#### Problem to solve:
Below is a listing; retype exactly the lines between the one containing "đây cho biết." and the one containing "ifadelerine yer verildi.", inclusive, minus the pictures.

#### Data listing:
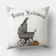 Dieses in schwarzer Tinte handgezeichnet, festliche "Happy Halloween" Kissen zeigt handgezeichnet Illustrationen in schwarzer Tinte von Nathalie Portet eines antiken Viktorianischen Babywagens, schwarzer Krähe, Kürbisse und Spinnweben, die alle auf einem klassisch weißen Hintergrund stehen. Mit bearbeitbarem Text passen Sie Ihr Kissen auf der Produktseite an, indem Sie auf "Diese Vorlage personalisieren" klicken, bevor Sie sie in Ihren Warenkorb aufnehmen.
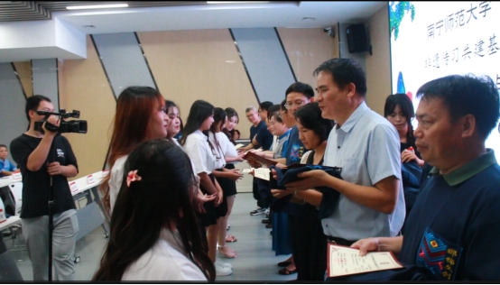 与会领导给国际职工颁发武鸣壮族织锦技艺传承证书
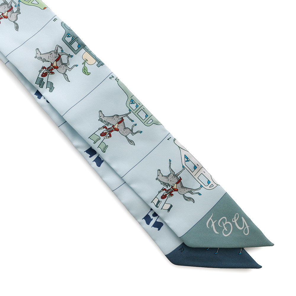 HERMES Twilly HERMES Parade Hermes Parade Blue Gacier/Vert Amond/Gold Silk100%
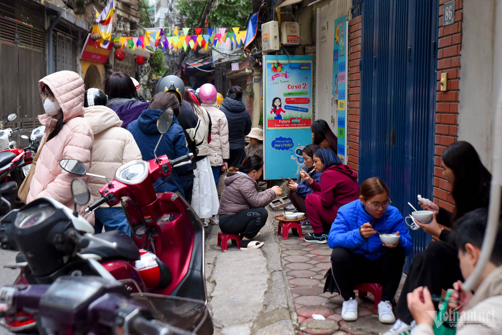 "Mùa đông thì gánh bánh trôi này ngày nào cũng nườm nượp khách như thế. Khách ngồi ăn kín vỉa hè, xếp hàng dài 5-7m, xe dựng dọc hai bên đường, người này ra người khác vào nối đuôi", một người dân tại đây cho biết.
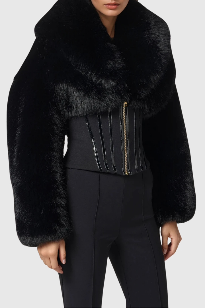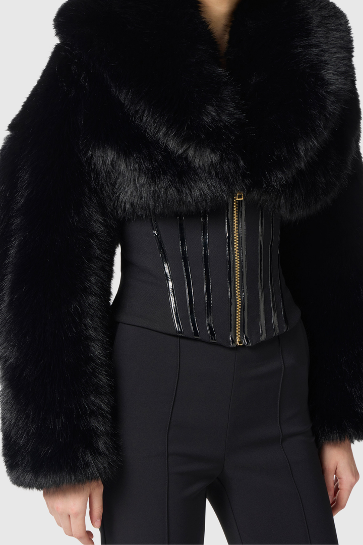 Elevate your outerwear with the Davin Lapel Corset Faux Fur Jacket, combining luxurious softness with structured style. This jacket features a sleek lapel design paired with a flattering corset silhouette that enhances your shape while providing warmth and comfort. Crafted from high-quality faux fur, it offers an ethical alternative without compromising on elegance or durability. Ideal for sophisticated layering, this piece brings a refined edge to both casual and formal ensembles.
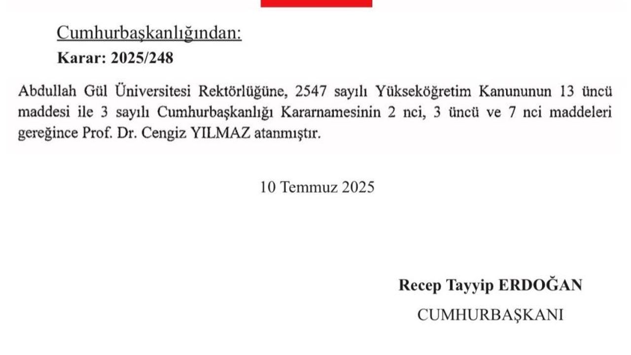 Cumhurbaşkanlığı Kararnamesi’nde, “Abdullah Gül Üniversitesi Rektörlüğüne, 2547 sayılı Yükseköğretim Kanunu’nun 13. maddesi ile 3 sayılı Cumhurbaşkanlığı Kararnamesi’nin 2., 3. ve 7. maddeleri gereğince Prof. Dr. Cengiz Yılmaz atanmıştır” ifadelerine yer verildi.
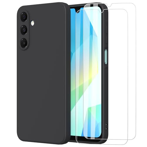 THIYUFUNS Coque pour Samsung Galaxy A16 5G / 4G avec 2 Verre trempé,Silicone Liquide Housse Étui de Protection Galaxy A16 Microfibre Anti-Rayures Coque Galaxy A16 5G / 4G (6.7") - Noir
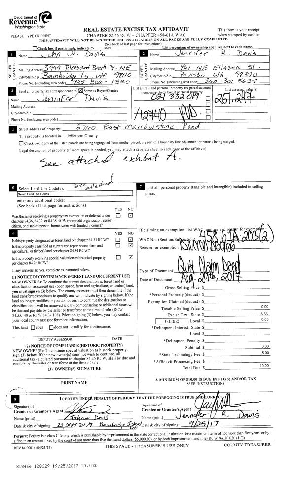 | Mailing Address: | YVONNE W DE GRASSE PO BOX 552 CHIMACUM, WA 98325-0552 | % Ownership: | 100.0000000000% |
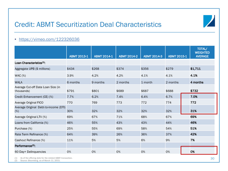 Credit: ABMT Securitization Deal Characteristics ABMT 2013-1 ABMT 2014-1 ABMT 2014-2 ABMT 2014-3 ABMT 2015-1 TOTAL/ WEIGHTED AVERAGE Loan Characteristics(1): Aggregate UPB ($ millions) $434 $268 $374 $356 $279 $1,711 WAC (%) 3.9% 4.2% 4.2% 4.1% 4.1% 4.1% WALA 6 months 9 months 2 months 1 month 2 months 4 months Average Cut-off Date Loan Size (in thousands) $791 $801 $689 $687 $688 $732 Credit Enhancement (CE) (%) 7.7% 6.2% 7.4% 6.4% 6.7% 7.0% Average Original FICO 770 769 773 772 774 772 Average Original Debt-to-income (DTI) (%) 30% 32% 32% 32% 32% 31% Average Original LTV (%) 69% 67% 71% 68% 67% 69% Loans from California (%) 46% 55% 43% 43% 44% 46% Purchase (%) 25% 55% 69% 58% 54% 51% Rate Term Refinance (%) 64% 39% 26% 36% 37% 42% Cashout Refinance (%) 11% 5% 5% 6% 9% 7% Performance(2): 60 Day+ Delinquencies 0% 0% 0% 0% 0% 0% 30 (1) As of the offering date for the related ABMT transaction. (2) Source: Bloomberg, as of March 11, 2015. • https://vimeo.com/122326036

#### Output for this exercise:
 "Mùa đông thì gánh bánh trôi này ngày nào cũng nườm nượp khách như thế. Khách ngồi ăn kín vỉa hè, xếp hàng dài 5-7m, xe dựng dọc hai bên đường, người này ra người khác vào nối đuôi", một người dân tại đây cho biết.
 Elevate your outerwear with the Davin Lapel Corset Faux Fur Jacket, combining luxurious softness with structured style. This jacket features a sleek lapel design paired with a flattering corset silhouette that enhances your shape while providing warmth and comfort. Crafted from high-quality faux fur, it offers an ethical alternative without compromising on elegance or durability. Ideal for sophisticated layering, this piece brings a refined edge to both casual and formal ensembles.
 Cumhurbaşkanlığı Kararnamesi’nde, “Abdullah Gül Üniversitesi Rektörlüğüne, 2547 sayılı Yükseköğretim Kanunu’nun 13. maddesi ile 3 sayılı Cumhurbaşkanlığı Kararnamesi’nin 2., 3. ve 7. maddeleri gereğince Prof. Dr. Cengiz Yılmaz atanmıştır” ifadelerine yer verildi.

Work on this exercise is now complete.